When music therapist Christine Vaskas works with babies in the neonatal intensive-care unit, the effect of her interventions are almost always immediately apparent.
"If I see the heart rate is high or jumping around, and I provide an intervention," Vaskas said, "all of a sudden I see the heart rate stabilize. It's bringing the baby back to the womb in an auditory way."
Vaskas, who has been a music therapist for five years, conducts clinical work and supervises interns and fellows at NICUs at three hospitals in the Mount Sinai Health System in New York City. The NICU program, First Sounds: Rhythm, Breath and Lullaby, is one of several under the umbrella of the Louis Armstrong Center for Music and Medicine, which offers music therapy in medical settings.
In 2013, a study led by Joanne Loewy, the Armstrong Center's director, found that certain live sounds, when provided in a music therapy context, could influence the respiratory and cardiac functions of premature infants. Those interventions could improve feeding behavior, enhance sleep and decrease stress, according to the randomized clinical trial, which spanned two years and 11 facilities in the Northeast.

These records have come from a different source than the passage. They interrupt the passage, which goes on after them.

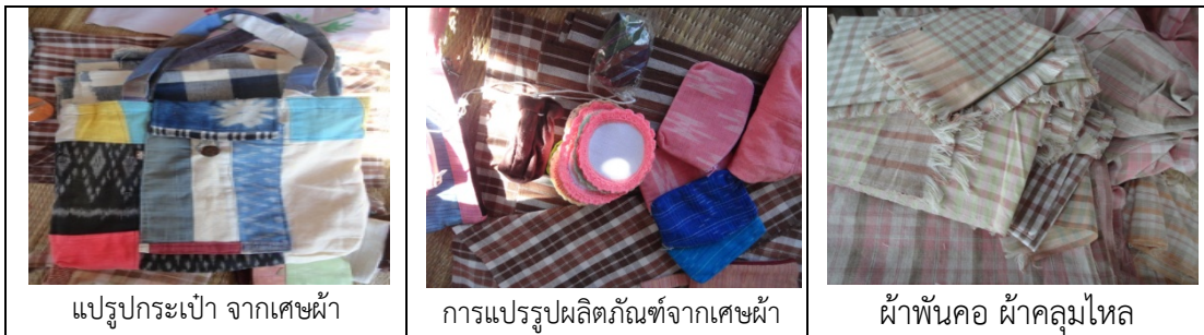
แปรรูปกระเป๋า จากเศษผ้า

การให้คำแนะนำปรึกษาในพื้นที่ ครั้งที่ 1 เป็นการลงพื้นที่เพื่อศึกษาแนวทางในการพัฒนาผลิตภัณฑ์ จากเดิมที่กลุ่มผู้ผลิตเคยผลิตผ้าขาวม้าย้อมสีธรรมชาติ และเคยส่งร่วมคัดสรรผลิตภัณฑ์ จนได้ระดับ 5 ดาวในปี พ.ศ. 2555 ดังนั้นในการแนะนำเบื้องต้น จึงได้แนะนำในการนำผ้าเศษที่มีมากภายในกลุ่มมาใช้ในการแปรรูปเป็นผลิตภัณฑ์ประเภทของใช้ ซึ่งในการติดตามในพื้นที่ พบว่ามีผลิตภัณฑ์จากเศษผ้าหลากหลายชนิดที่สามารถผลิตเพื่อการจำหน่ายเป็นของที่ระลึกได้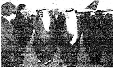
الملك عبد الله لدى وصوله مطار مدريد ويبدو الأمير سعود بن نايف.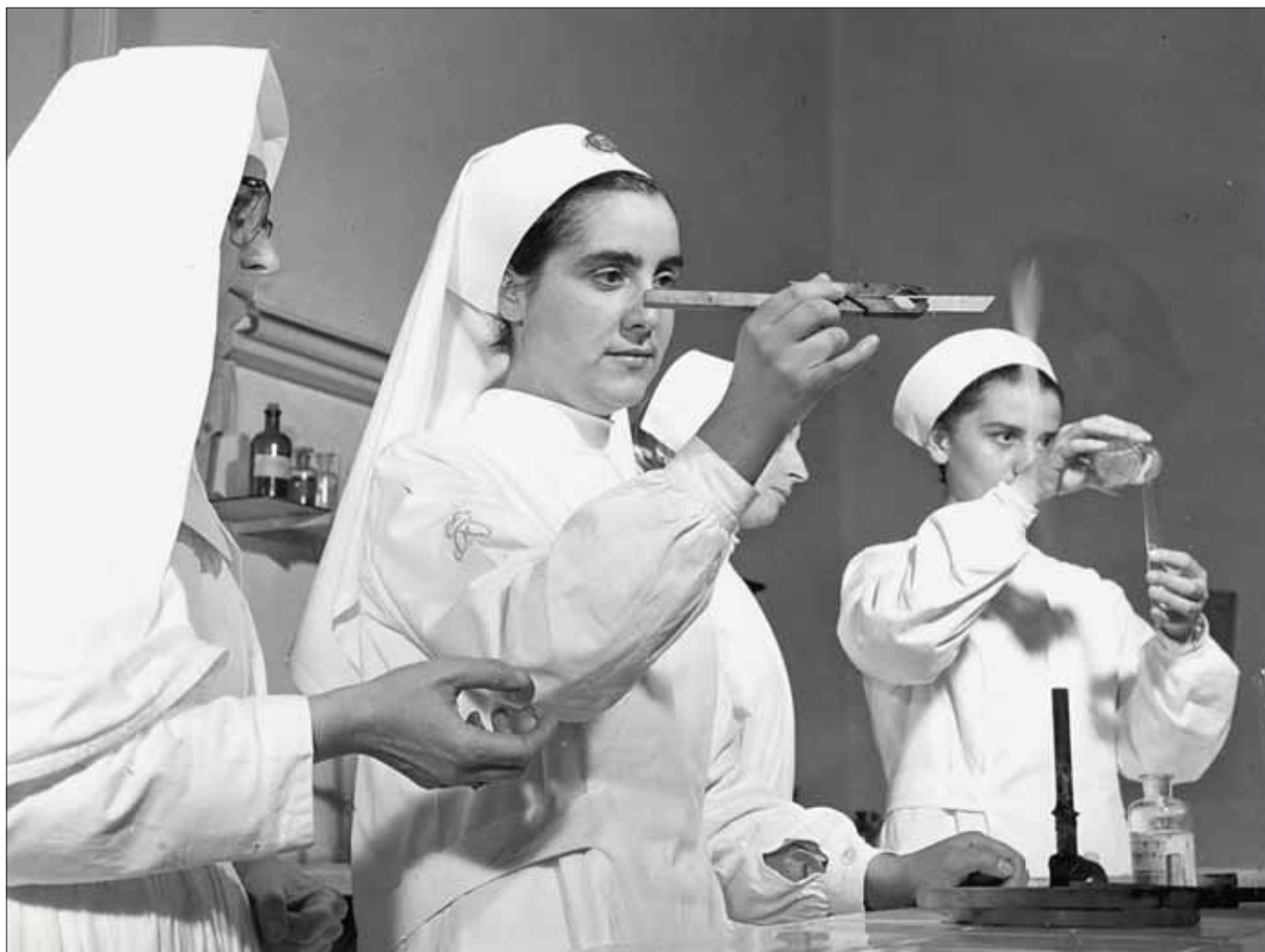
Attività di fissaggio striscia vetrino

About 1 in 10 infants in the U.S. is born preterm, or before 37 weeks, according to 2015 data from the Centers for Disease Control and Prevention. These babies are at higher risk of serious disability or death, and in 2013, about a third of infant deaths were caused by preterm issues. Those who survive can have trouble breathing or eating. They also often have developmental delays and other medical problems.
The music therapy Vaskas provides is not your conventional Bach or Mozart drifting passively in the background. These are sounds directed at the baby and the parents, and they draw on three specific techniques developed by Loewy: rhythm, breath and lullaby.